Toutes les œuvres réunies chez Zidoun-Bossuyt témoignent de ces multiples blessures, morales ou physiques – jeune, il a été renversé par une voiture et en a gardé un appétit pour l’anatomie humaine, notamment à travers les croquis minutieux de Léonard de Vinci. Tous ses autres thèmes fétiches sont aussi présents dans une peinture «violente» et anarchique, aux multiples annotations et phrases barrées : les mythologies sacrées du vaudou et de la Bible, la bande dessinée, la publicité et les médias, la musique («Il était un fan absolu de Maria Callas»), l’affirmation de sa négritude, les violences policières (le magnifique Irony of Negro Policeman)…
L’exposition «Jean-Michel Basquiat – Now ! Luxembourg» témoigne aussi de sa boulimie pour la peinture. Thermopolae, «tableau-sculpture» datant de 1985, est une belle illustration de cette ardeur. Nordine Zidoun : «Il peignait sur tout ce qu’il trouvait : portes, frigo, chaises, vêtements…» Autre caractéristique chez lui, explique Richard Rodriguez : son insatisfaction permanente. «Il repeignait toujours sur ses peintures, comme dans une recherche de simplification de son travail (…) Il fallait lui retirer le tableau des mains, sinon, il pouvait le refaire entièrement.» Florentine Red (1983), avec ce masque africain et ce pied à la Picasso, relate bien ses envies de recomposition. «Il y a peut-être un superbe tableau qui se cache derrière», s’enthousiasme le galeriste. De l’entrée type muséale (biographie, remerciements et mur à la craie avec skates suspendus, style «underground») aux différentes toiles, la visite s’achève au sous-sol où sont réunis des dessins, agrémentés d’une vidéo.

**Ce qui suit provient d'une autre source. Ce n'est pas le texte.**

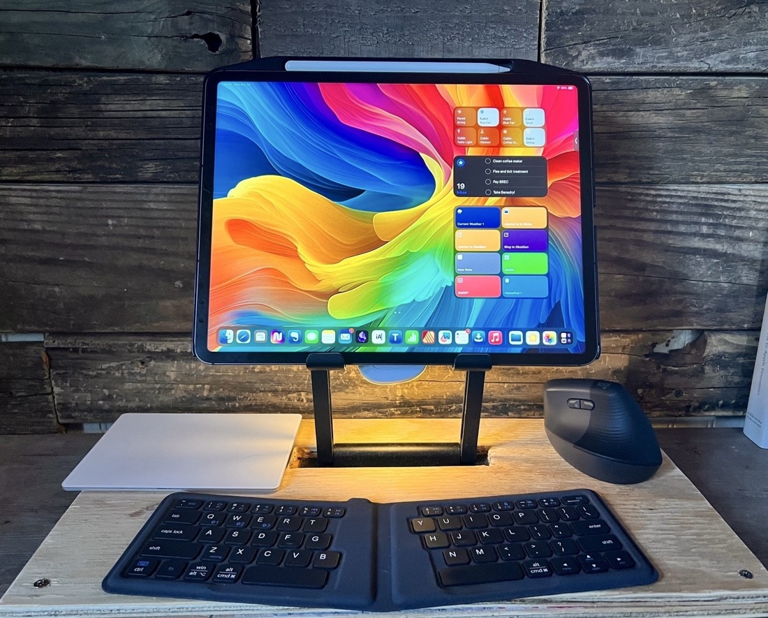 At its core a set-up that raises the iPad/screen to eye level, semi-portable, stable, and a place to store/use a swap-able keyboard.

«On trouve peu de beaux dessins. Peut-être une centaine valables sur 1 500», poursuit le collectionneur. Outre celui qu’il a généreusement prêté, on en découvre certains portant les stigmates du travail acharné de l’artiste. Salissures, pliures, déchirures… Sur un, une trace de basket – «on pourrait savoir quelle pointure il faisait !» Sur un autre, un blanc loin d’être pur, «le marchand a nettoyé les traces de doigts. Franchement, il faut être idiot !» On pourrait citer encore d’autres anecdotes sur Jean-Michel Basquiat, dont la fureur d’exister a laissé de vives traces, persistantes. Le mieux reste encore de les vivre.